◆ **Action item**: Could the listing be repeated exactly, with every picture dropped?

◆ **Data provided**:
__________

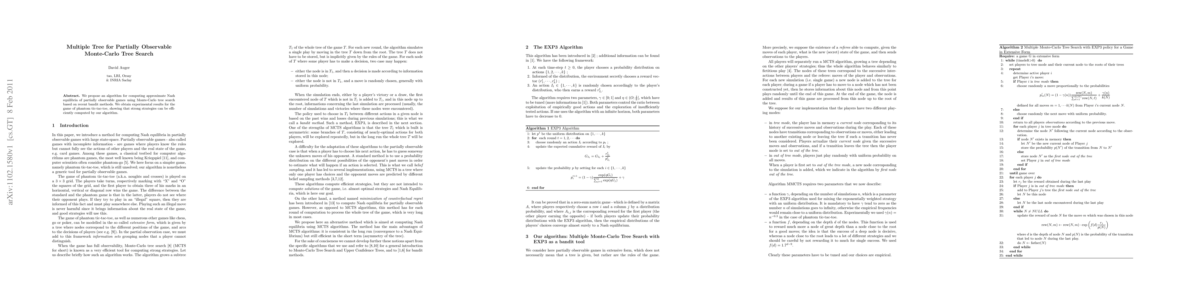 This paper introduces a novel Monte-Carlo tree search algorithm for finding Nash equilibria in partially observable games, demonstrating its effectiveness through experiments on phantom tic-tac-toe. The method leverages bandit techniques to efficiently compute strong strategies.
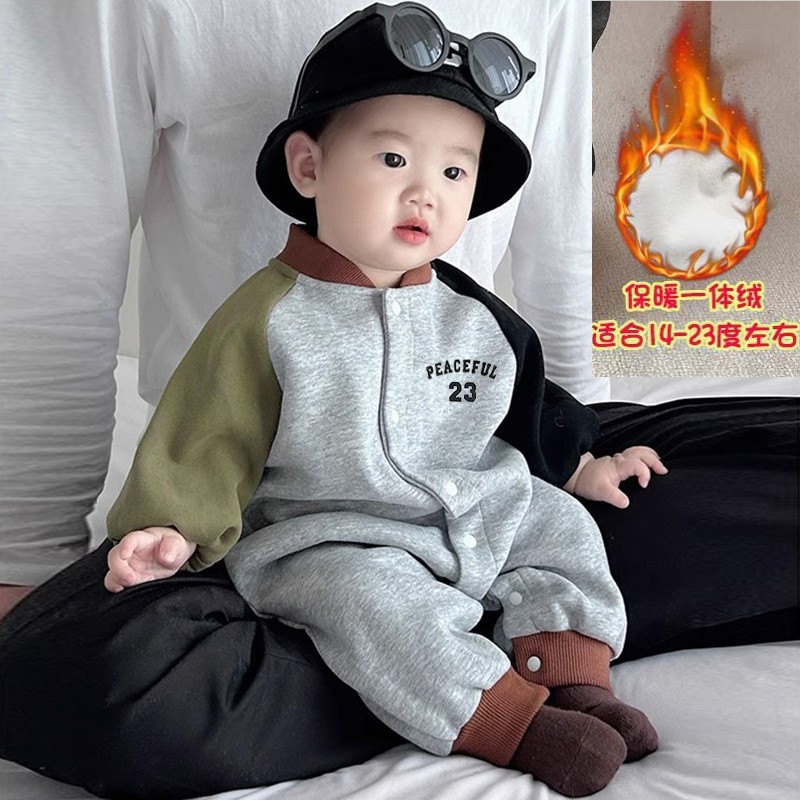 기모 아기 점프 수트 가을과 겨울 3 개월 9 아기 슈퍼 귀여운 100 일 밖으로 옷 따뜻한 코트 귀여운 등반 세트스토어 가기
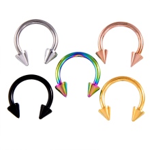 This is an original crescent-shaped horseshoe ring. The ends of this decoration are crowned with spinning balls, spikes, cones.

__________

◆ **Output of the exercise**:
 This paper introduces a novel Monte-Carlo tree search algorithm for finding Nash equilibria in partially observable games, demonstrating its effectiveness through experiments on phantom tic-tac-toe. The method leverages bandit techniques to efficiently compute strong strategies.
 기모 아기 점프 수트 가을과 겨울 3 개월 9 아기 슈퍼 귀여운 100 일 밖으로 옷 따뜻한 코트 귀여운 등반 세트스토어 가기
 This is an original crescent-shaped horseshoe ring. The ends of this decoration are crowned with spinning balls, spikes, cones.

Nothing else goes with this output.